**Task brief**. Pictures stay out of this copy, which runs from the first line of the material through the line containing "A-Line Wedding Dresses".

**Collected material**.
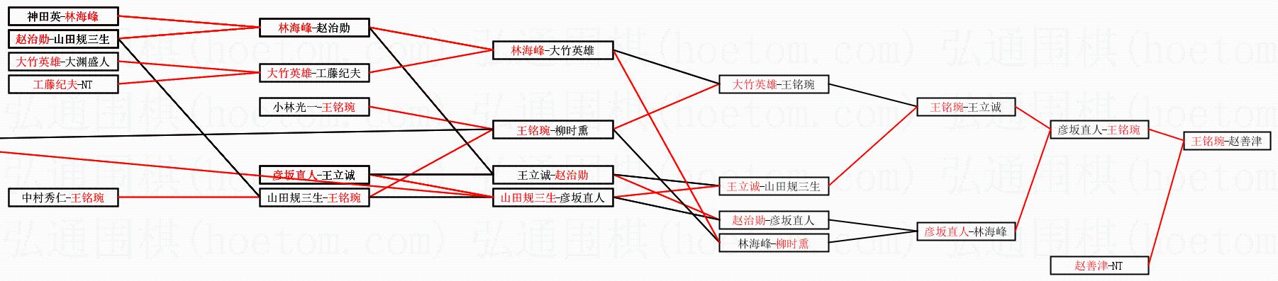 2.上半区半决赛王铭琬获胜, 比分:王铭琬 1:0 彦坂直人。棋局:
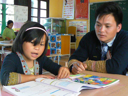 Anh Lý Dào Phin có 2 con học ở Tiểu học Tả Phìn theo mô hình VNEN. Ảnh: Phương Chi
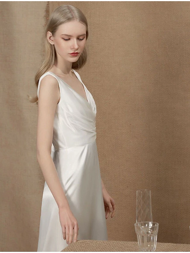 A-Line Wedding Dresses V Neck Charmeuse Sleeveless Simple Vintage with Ruched
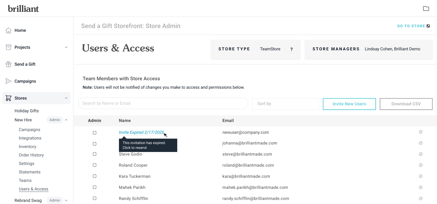 Admin users will be able to see that a user’s invitation has expired under Storefront > Users & Access. Hover over the ‘Invite Expired’ message and then click the text to resend the invitation to the user in question.

**Answer box**.
 2.上半区半决赛王铭琬获胜, 比分:王铭琬 1:0 彦坂直人。棋局:
 Anh Lý Dào Phin có 2 con học ở Tiểu học Tả Phìn theo mô hình VNEN. Ảnh: Phương Chi
 A-Line Wedding Dresses V Neck Charmeuse Sleeveless Simple Vintage with Ruched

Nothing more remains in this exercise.